For about the 6th or 7th time now, I’ve had the privilege of attending the Leadership Summit from Willow Creek. I’ve never been to it live, I always watch it a few hours later on some kind of time delay satellite feed at some church somewhere. Once in San Jose, several times in Walnut Creek, and now 3 times here at Journey where we host it.

Each time I go, I try and summarize my learnings from each of the presenters or “faculty members” as they call them, in a sentence. This year, I’m also taking Tuesday to review and re-think and stew on what I heard. I’m going to turn off my cell, my e-mail, and the world and lock myself in a room to think and pray about what God might have for me. In particular, I’ll be thinking over these one or two sentence learnings:

  • Session #1. Bill Hybels: founding pastor of Willow Creek Community Church

Ownership of a vision is more important than the creation of a vision: As a result, good leaders spend significant time and energy involving others in the vision development process rather than simply declaring it from on high and unilaterally hoping for agreement.

  • Session #2. A live stage interview with Carly Fiorina, former CEO of HP…

“Logic taught me the power of the right question. I have discovered that, knowing the answer is less important than asking the right question.”

  • Session #3. Floyd A. Flake: pastor, former congressman, business man, college president…

(This man was impossible for me to follow. He spoke very fast. Never paused. I couldn’t follow his line of thinking. It was all over the place. Honestly, I learned more about his leadership by watching how he interacted with others in his intro video than I did from his actual words on stage. As I reflected on how this communicator got on such a world class stage, I discovered a truth I’ve seen proven in many an influential leader through the years)

A leader’s public communication skills can be trumped by their interpersonal ones and still result in great success. However, if a leader’s interpersonal skills are poor, no amount of public speaking can overcome them and they are destined to be a mess.

  • Session #4. Marcus Buckingham: world renown author, consultant, and strengths communicator
3 one liners worth stewing on:

Build on your strengths and manage around your weaknesses.

Move the best of your job until it is most of your job.

Good leaders can talk about strengths without boasting, and weaknesses without whining.

  • Session #5. Michael E. Porter: Harvard Business School Prof and a well recongized authority on strategic planning.

When working with a social need (poverty, aids, education, homelessness, etc), don’t see yourself as someone providing a service, instead see yourself as someone trying to add value to another’s life. This will force us to evaluate our results based on it’s influence and aid on the recipient of the service, not on the execution of the service itself.

  • Session #6. Colin Powell: leadership genius… man I wish I could have coffee with once a month…. really bad.

Only people get things done.
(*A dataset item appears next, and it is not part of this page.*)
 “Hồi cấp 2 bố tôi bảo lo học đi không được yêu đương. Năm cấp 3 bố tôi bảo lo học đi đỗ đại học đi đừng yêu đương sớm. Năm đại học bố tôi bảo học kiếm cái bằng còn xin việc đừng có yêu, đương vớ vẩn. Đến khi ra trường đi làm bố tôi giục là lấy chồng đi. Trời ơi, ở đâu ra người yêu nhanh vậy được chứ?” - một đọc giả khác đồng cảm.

Mission statements don’t. Policies don’t. Only people do. So, take 1/3 of a given time period as a leader to devise a plan. Then spend 2/3 of the time allowing those who you expect to help do the task to interact with the plan so they can be own and discover a plan for their role in it.

  • Session #7. John Ortberg: Author, master of words, senior pastor of Menlo Park Community Church in CA.
A leader’s greatest fear should be the pursuit of a “Shadow Mission.” The distraction of the devil to devote their time and resources to that which is second best or even flat out evil. Consequently, every good leader must name their “shadow mission” and take specific and regular steps to keep it from consuming their life by it’s natural pull it has on them.
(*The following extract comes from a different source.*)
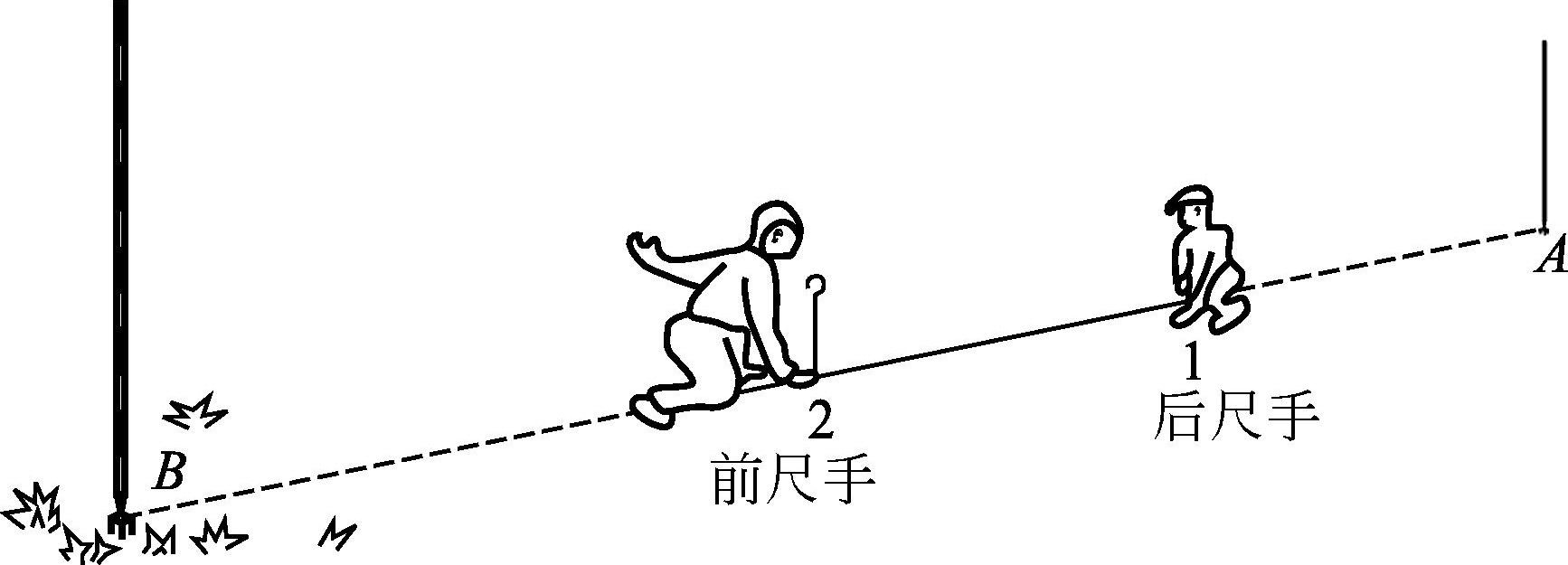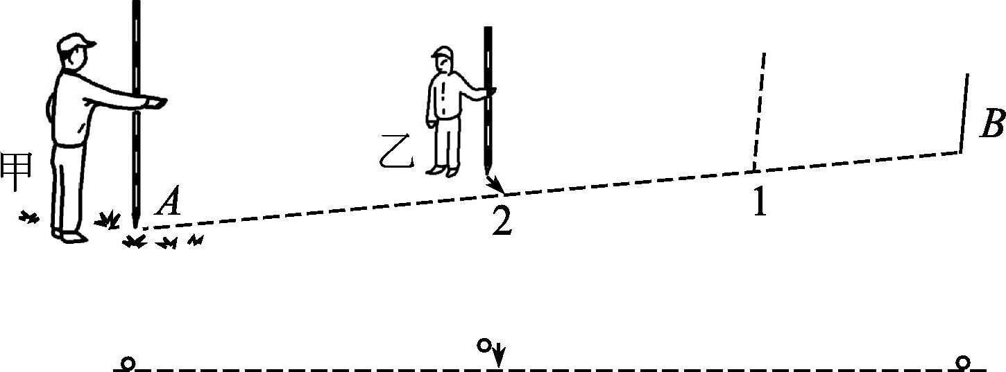 目测定线适用于钢尺量距的一般方法。如图4-5所示,设 A 和 B 为地面上相互通视、待测距离的两点。现要在直线 AB 上定出“1”“2”等分段点。先在 A 、 B 两点上竖立花杆,甲站在 A 杆后约1m处,指挥乙左右移动花杆,直到甲在 A 点沿标杆的同一侧看见 A 、“1”、 B 三花杆在同一直线上。用同样方法可定出“2”点。直线定线一般应由远到近,即先定“1”点,再定“2”点。为了不挡住甲的视线,乙应持花杆站立在直线方向的左侧或右侧。

  • Session #8. Richard Curtis: British Comedy Writer, Philanthropist dedicated to seeing poverty literally become a thing of history
As a youth pastor, looking over the sea of students who have come through our doors and either in high school, or in the years to follow, eventually walked away from Jesus, I identified with this statement more than I wished I did. I too feel like my energy is going to waste more times than not…
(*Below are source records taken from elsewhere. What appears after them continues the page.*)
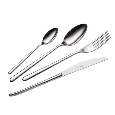Venice desszertkanál, 4 mm, rozsdamentes A Venice egy 18/10 arányú rozsdamentes acélból készült evőeszközgyűjtemény, polírozott felülettel.Az evőeszközök tükörfényezése egy olyan felületkezelési eljárás, amely során speciális hengerek és nagyon finom szemcsés csiszolópaszták használatával elérjük a kívánt fényt.Ez az evőeszköz feltűnő a kifinomult dizájn miatt, amely a fogantyúk végén található enyhe lekerekítéseknek és a szájjal érintkező részek részletkérdésének köszönhető, ami hozzájárul a modell eleganciájához. Ennek az evőeszköznek a jellegzetes eleme a levél alakú kanál és a vágáskor is elhelyezhető állókés.Velence az evőeszközök gyűjteménye, amely 16 elemből álló széles választékban és5 különböző kivitelben kapható :homokfúvott, polírozott PVD ón arany, polírozott PVD rézbronz, polírozott PVD Metal, polírozott .Olasz termék.Mosogatógépben mosható.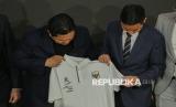Ketua Umum PSSI Erick Thohir (kiri) menerima cinderamata berupa kaus produk apparel Kelme dari President of Kelme, Clinton Ke (kanan) saat Peluncuran Kerjasama PSSI dan Official Partner Timnas Indonesia di Jakarta, Jumat (23/1/2026). PSSI resmi bekerjasama dengan produsen apparel asal Spanyol, Kelme untuk penyedia jersi timnas sepak bola dan timnas futsal Indonesia yang berlangsung sampai 2030. Sementara, untuk peluncuran jersi resmi timnas Indonesia akan digelar pada bulan Maret 2026 mendatang. (FOTO : Republika/Thoudy Badai)
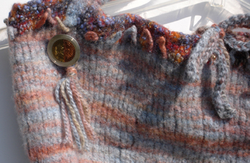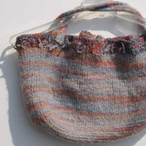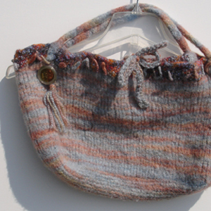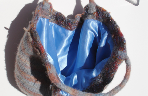 #911 Blue/Orange Felted PurseFibers From: Italy Materials: Wool, Acrylic, Polyester, Nylon, Bright Blue Satin Lining, Silver, Copper and Brass Pin Antique Pin, Tie Closure Colors: Blues, Orange, Silver Approximate Size: 18 1/2 " x 11 1/2 "

“The most depressing thing for me as a comedy film writer is a movie rental store. They are all over the place and filled with thousands of dead films. I don’t want to produce just another one of those.”

  • Session #9. Jimmy Carter: Humble man of God, 39th President of the United States, Sunday School teacher of small 35 person church in Plains, Ga. where he and his family have owned land since 1835.

Accommodate changing times while clinging to unchanging principles . Those were and are the passions of Jesus Christ.

  • Session #10. Bill Hybels

Staying motivated or inspired in my job is my job, and no one elses.

Hybels mentioned 10 ways he stays motivated. 3 I held on to as critical for me these days:

  1. Spend time with and around friends who truly inspire me to live and lead well.
  2. Spend time paying attention to my own spiritual and physical needs of rest, excercise, eating, reading, and prayer.
  3. Spend time escaping in a non-work related hobby that re-fuels my spirit.


  1. I went to the Livermore site – it was a pretty good year I think. I too hard a hard time with Rev. Flake but didn’t even think to draw out that little nugget you did. I’d be interested to hear more about what you come up with after your day of reflection on Tuesday.